Так вот, я полагаю возможным называть планетарное общество информационным тогда и только тогда, когда возникнет такого уровня Коллективный Разум, что он будет способен играть в планетарном обществе такую же роль, какую в организме человека играет его собственный разум. В противном случае возникает лишь оснащенное информационными технологиями общество, мало способное к предотвращению неизбежных кризисных ситуаций, к поддержанию режима коэволюции и сознательному преодолению некоторых генетических последствий «неандертализма», то есть к перестройке этических норм жизни людей.
Проблема организации Коллективного Интеллекта далеко выходит за рамки данной книги. Поэтому я ограничусь лишь одним замечанием.
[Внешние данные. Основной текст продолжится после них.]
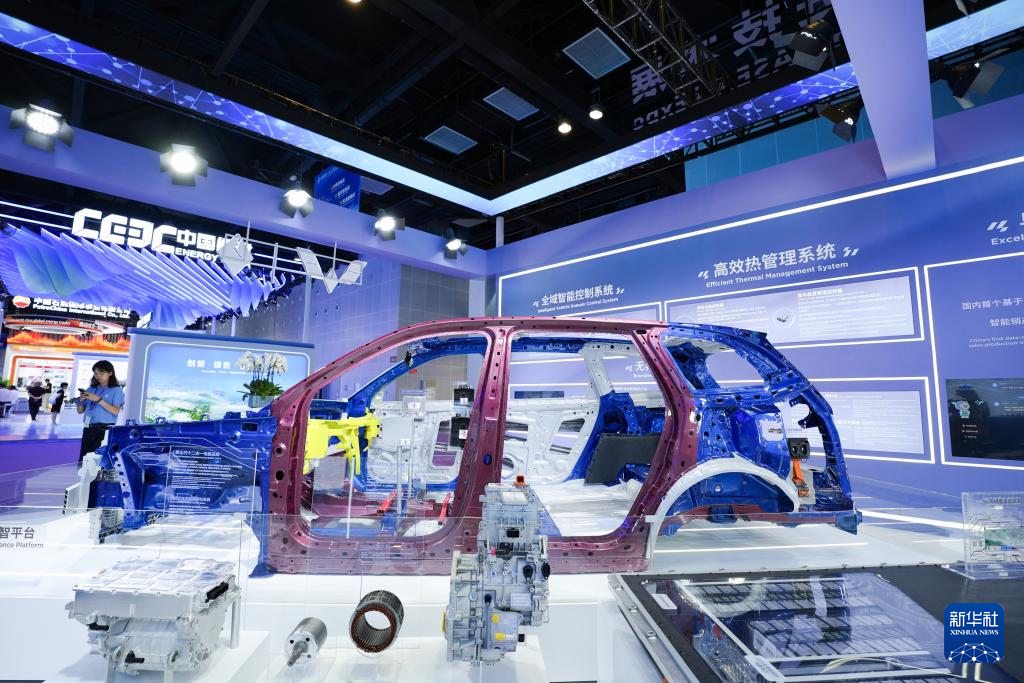 9月19日在南宁国际会展中心拍摄的电动新能源汽车展台。新华社记者 周汀鹭 摄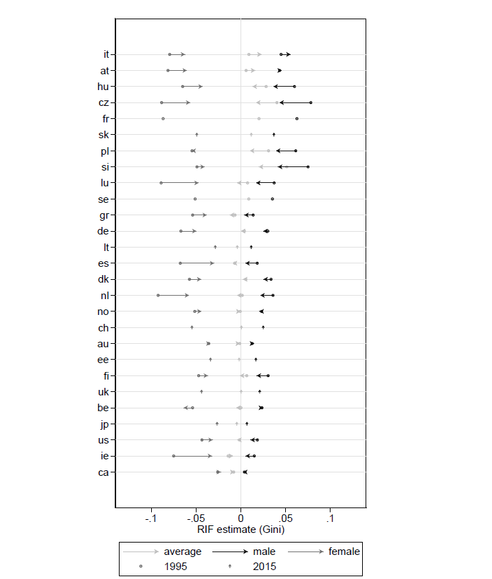 The effect of such density shifts on various inequality measures (or other distributive indicators) is what a technique known as Recentered Influence Function (RIF) regression captures (Firpo, Fortin, and Lemieux 2009; Choe and Van Kerm 2018). We therefore used RIF regressions to project the impact that (marginally) increasing the share of tertiary educated workers, on average and separately for men and women, would have on the Gini coefficient in all 27 countries and for the two time points we have data for. The results are shown in Figure 4. The estimates are scaled such that they can be interpreted as the predicted impact on the Gini coefficient of a 10 percentage point increase in the population share of tertiary educated workers, and a corresponding 10 percentage point decrease in the proportion of non-tertiary educated workers.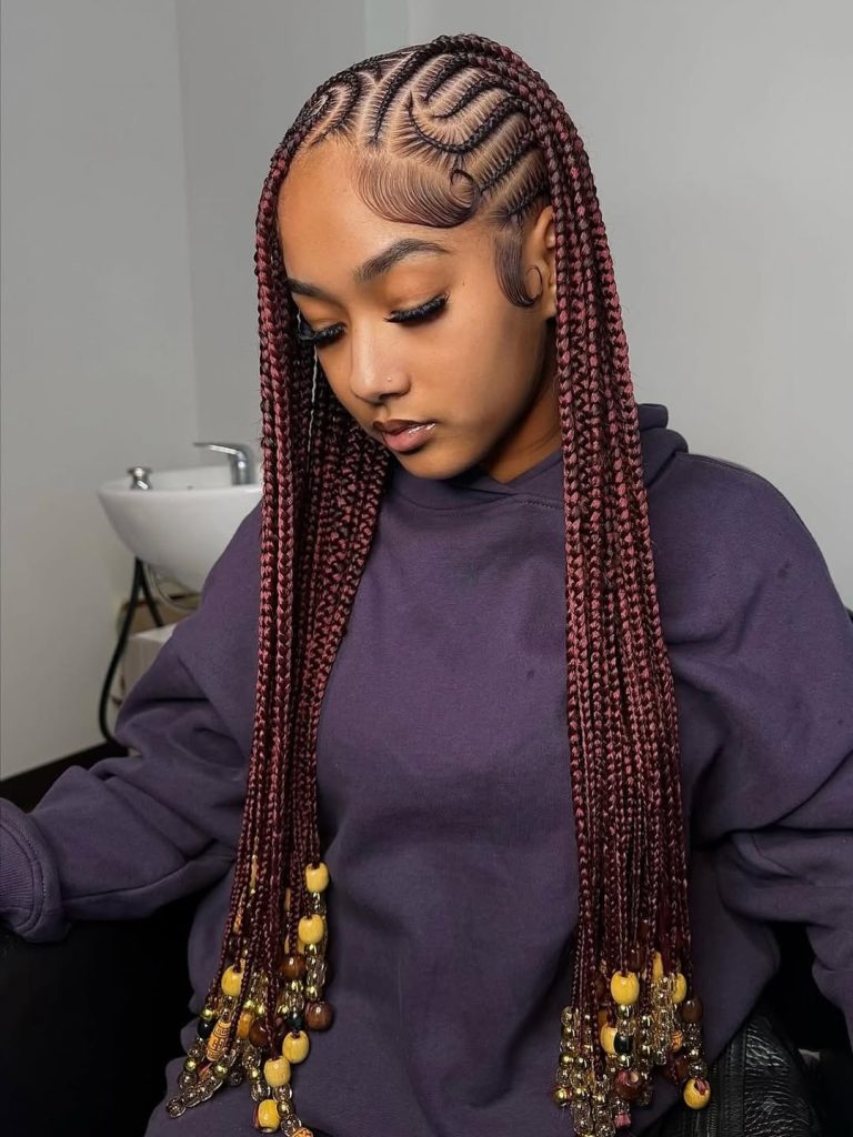 There’s something so captivating about deep burgundy braids paired with decorative beads. The detailed Braids cornrow pattern at the scalp creates a beautiful design, while the sleek, extended length gives this look dramatic flair. The added beads bring personality and movement, making the style feel expressive and unapologetically bold.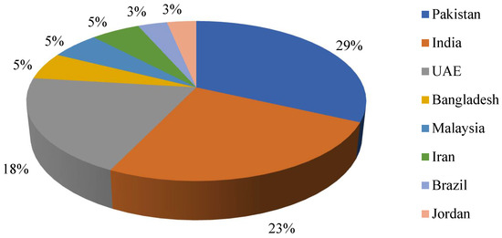The survey collected 62 responses, including 29% national (Pakistan) and 71% international responses. Responses were received from many countries, including Pakistan (29%), India (23%), UAE (18%), Bangladesh (5%), Malaysia (5%), Iran (5%), Brazil (3%), Jordan (3%), Saudi Arabia (2%), Morocco (2%), Kuwait (2%), Qatar (2%), Turkey (2%), and Oman (2%), as shown in Figure 2. As the focus of the study was limited to developing countries, responses were requested only from respondents in developing countries.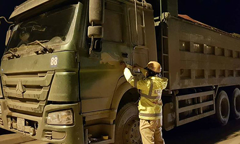 Cảnh sát đã phong tỏa và đưa xe tải về trụ sở trong 7 ngày. Ảnh: Sơn Dương

Формирование Коллективного Разума (Коллективного Интеллекта) в чем-то аналогично формированию человеческого мозга. В самом деле, мозг человека, как и других животных, состоит из нейронов, которые сами по себе не способны к какому-либо разумному действию. Но в своей совокупности они рождают некое системное свойство, присущее этой совокупности, которое мы называем мышлением. Его изучение не сводится к изучению свойств отдельных нейронов — это действительно системное свойство совокупности нейронов! И оно не зависит от воли людей.
Точно так же и Коллективный Интеллект. Его образует совокупность индивидуальных интеллектов отдельных людей, разумов, играющих в этой совокупности роль отдельных нейронов. И эта система («совокупность индивидуальных разумов») обладает свойствами, не выводимыми из свойств отдельных разумов, это — системное свойство. И его потенциальные возможности, оценить которые сегодня мы еще не в силах, не зависят от желания и действий людей, это — результат самоорганизации. А вот использование этих возможностей зависит от свойств, от организации гражданского общества, его Коллективной Воли. И здесь могут быть самые неожиданные альтернативы.
Может произойти так, как я предполагаю в этой главе, — может родиться настоящее информационное общество, Коллективный Интеллект которого будет направлен на решение проблем коэволюции, на устройство общества по тому образцу, который я назвал рационально организованным обществом. Но может случиться и так, что Коллективный Разум окажется в руках относительно небольшого количества людей, которые станут реализовывать иной тип стратегии — стратегии тоталитаризма. И для его утверждения потребуется использовать всю мощь планетарной информационной системы. Она может использоваться для зомбирования тех «илотов», которые составляют большинство населения планеты и должны будут обеспечивать жизнь относительно небольшого числа современных демократических «спартанцев». Мы уже испытываем могущество средств массовой информации, сконцентрированных в немногих руках. Может быть, этот факт и есть начало подобного целенаправленного процесса зомбирования?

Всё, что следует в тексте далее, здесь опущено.